TASK TO CARRY OUT: Find the line with "Светодизайнер Martin Möck" in the records below. Output exactly from there until after the line with "Emerald-Cut Aquamarine and", without pictures.

THE DATA:
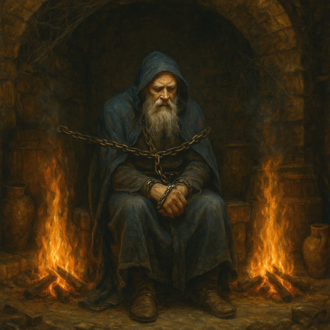 Dann fragt ihn der König, wer sich hinter dem Namen „Grimnir“ als „Maskierter“ verbirg? Ähnlich würden wir heute fragen, wer sich hinter jemandem verbirgt, der sich „Person“ nennt. Denn Person kommt von lateinisch „persona“ und bedeutet auch nur „die Maske eines Schauspielers“. Doch er bekommt keine Antwort auf seine Frage. Warum nicht? Odin hätte ihm sicherlich gern geantwortet. Aber wie könnte ein Ego als Bewusstsein der Trennung den göttlichen Geist der Einheit verstehen? Daraufhin versucht das Ego, diesen Geist in seine Welt der Trennung und Gegensätze zu zwingen und setzt ihn zwischen zwei Feuer. Darin könnte man die leidenschaftlichen Feuer von Begierde und Hass erkennen, wie auch alle anderen Gegensätze von Geburt und Tod, Gewinnen und Verlieren oder Mein und Dein, die in einem Ego-Bewusstsein bedrohlich und marternd brennen.
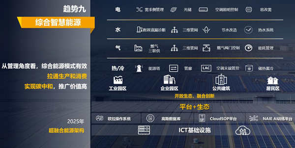 能源結(jié)構(gòu)轉(zhuǎn)向新一代綜合能源系統(tǒng)。從管理角度看,綜合能源模式會(huì)有效拉通生產(chǎn)和消費(fèi),助力實(shí)現(xiàn)碳中和,推廣價(jià)值更高。綜合能源是源-網(wǎng)-荷-儲(chǔ)一體化的自治系統(tǒng),需要以ICT基礎(chǔ)設(shè)施為底座,通過平臺(tái)+生態(tài)理念,融合創(chuàng)新,提升能源利用效率,降低能源成本。預(yù)計(jì)2025年,超融合能源架構(gòu)會(huì)大行其道。
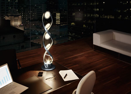 Светодизайнер Martin Möck (Osram) разработал гибридный светильник “PirOLED” (фото внизу), в котором вместе с OLED-модулями “Orbeos” используются неорганические светодиоды (LED). Они размещены в основании светильника и излучают «снизу вверх» - на тыльные, зеркально отражающие поверхности модулей.
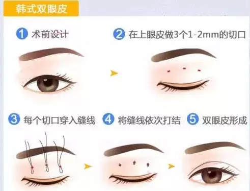 微创双眼皮也叫做“韩式三点”,是通过切开三点、去除适量脂肪和眼轮匝肌将层与睑板进行多点缝合而形成双眼皮。
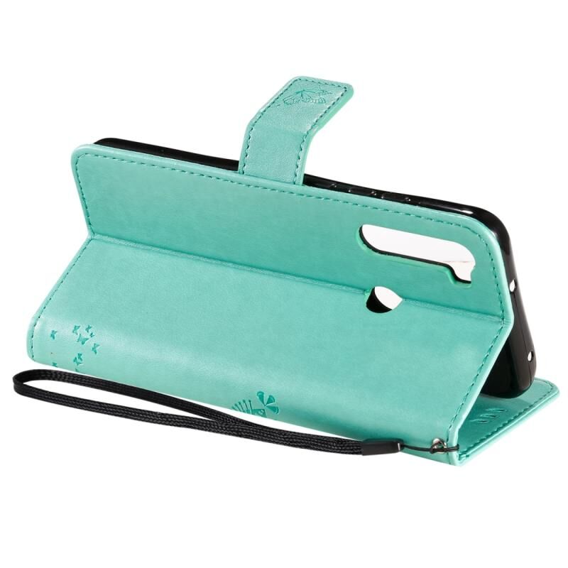 Θήκη για Xiaomi Redmi Note 8T με σχέδιο Δέντρου & Γάτας, εκτύπωση με πίεση, οριζόντια αναδίπλωση, από δερματίνη PU με βάση στήριξης & θήκες για κάρτες & πορτοφόλι & κορδόνι (Πράσινο)
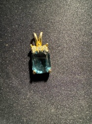 Emerald-Cut Aquamarine and Diamond Pendant in Yellow Gold
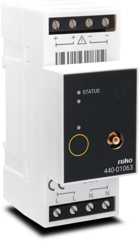 Das Messmodul verwendet das Niko RF-Protokoll (Radiofrequenz 868 MHz), um seine Messwerte drahtlos an den vernetzten Schalter-Gateway von Niko (410-0100x) zu übertragen.
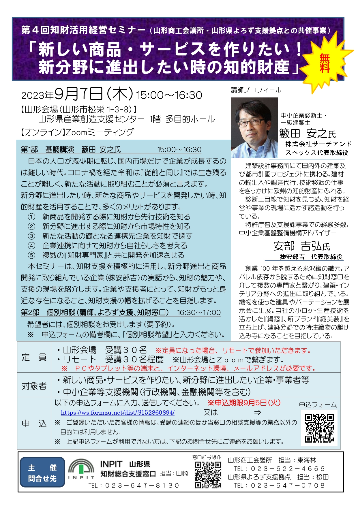 山形県知財総合支援窓口、山形商工会議所、山形県よろず支援拠点の共催事業によります、第4回知財活用経営セミナー「新しい商品・サービスを作りたい! 新分野に進出したいときの知的財産」が開催されます。是非ご参加ください。
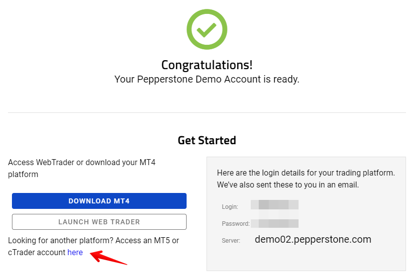 - After filling out the form and successful registration, you will be assigned a demo account number for MT platform. To connect Quantower to Pepperstone broker, you must create a demo for cTrader.
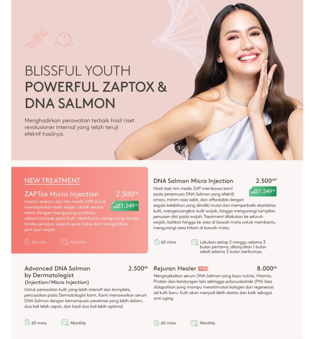 Lalu, apakah ada pilihan treatment lain di ZAP Clinic yang harganya di bawah 500ribu? Ya, tentu ada. Berikut ini beberapa list harga treatment di ZAP, baik ZAP Clinic atau ZAP Premiere:

OUTPUT OF THE TASK:
 Светодизайнер Martin Möck (Osram) разработал гибридный светильник “PirOLED” (фото внизу), в котором вместе с OLED-модулями “Orbeos” используются неорганические светодиоды (LED). Они размещены в основании светильника и излучают «снизу вверх» - на тыльные, зеркально отражающие поверхности модулей.
 微创双眼皮也叫做“韩式三点”,是通过切开三点、去除适量脂肪和眼轮匝肌将层与睑板进行多点缝合而形成双眼皮。
 Θήκη για Xiaomi Redmi Note 8T με σχέδιο Δέντρου & Γάτας, εκτύπωση με πίεση, οριζόντια αναδίπλωση, από δερματίνη PU με βάση στήριξης & θήκες για κάρτες & πορτοφόλι & κορδόνι (Πράσινο)
 Emerald-Cut Aquamarine and Diamond Pendant in Yellow Gold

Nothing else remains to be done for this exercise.